Тот брезгливо сделал шаг в сторону, словно не до конца раздавленная гадина ползла к его ногам. А Бурый видел вибрирующую станину. Лесник стоял и поглядывал на эту сцену абсолютно бесстрастно, лишь иногда его губы кривились в ехидной улыбке.

– Слушай, Кощей, может, мне просто тюкнуть его топором по затылку, и дело с концом. Неохота мне пилу мыть, забрызгает тут все, а, Кощей?

Бурый, хоть и было ему больно, задрал голову и взглянул на лесника. Водитель и телохранитель стояли у машины, куря и наблюдая за происходящим во дворе. Ворота уже были закрыты, так что никто из посторонних не мог видеть того, что творится во дворе. Иногда к стеклу в доме прилипало женское лицо.

– Ну ты тут разбирайся, Гриша, с ним, а я пойду, скажу своей, чтобы на стол собрала. Вот только хочу спросить…

– О чем?

– На сколько человек накрывать?

– Правильный, а главное, своевременный вопрос. Как это на сколько: ты, баба твоя, я, эти двое. По всему выходит, на пять персон.

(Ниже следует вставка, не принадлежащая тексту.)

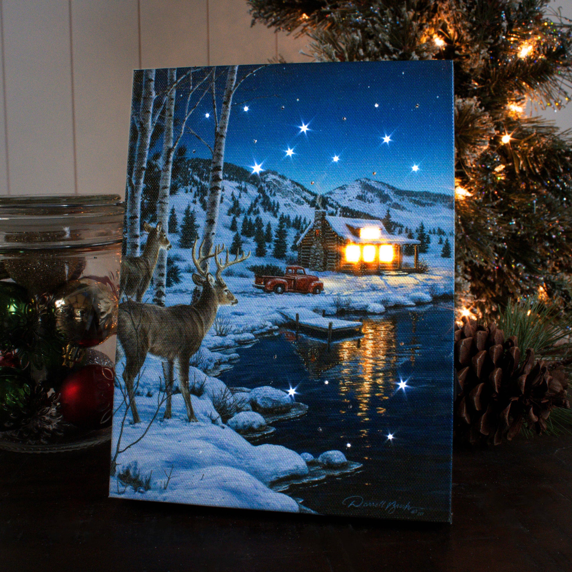 A cozy cabin with twinkling lights stands proudly beside a snow-covered dock, where a charming red truck sits parked. The warm glow of the cabin's windows invites you in, promising a night of comfort and romance. With its soft lighting and tranquil ambiance, it's the perfect setting for a romantic evening with your loved one.

– Ага, понял. Значит, на него не накрываем.

– Почему не накрываем, стаканчик поставь, кусок хлеба на него положи – прикрой. Такой уж обычай, не мы с тобой, Лесник, его придумали, не нам и отменять, правда?

– Правду говоришь, мил человек, – и Лесник на кривых ногах двинулся к дому.

Скрипнула, а затем хлопнула дверь. А пила продолжала вращаться, правда, мотор уже не выл, работал ровно.

Кощей нагнулся, поднял прутик, постучал им по колену, как хлыстом, затем сунул его в пилу.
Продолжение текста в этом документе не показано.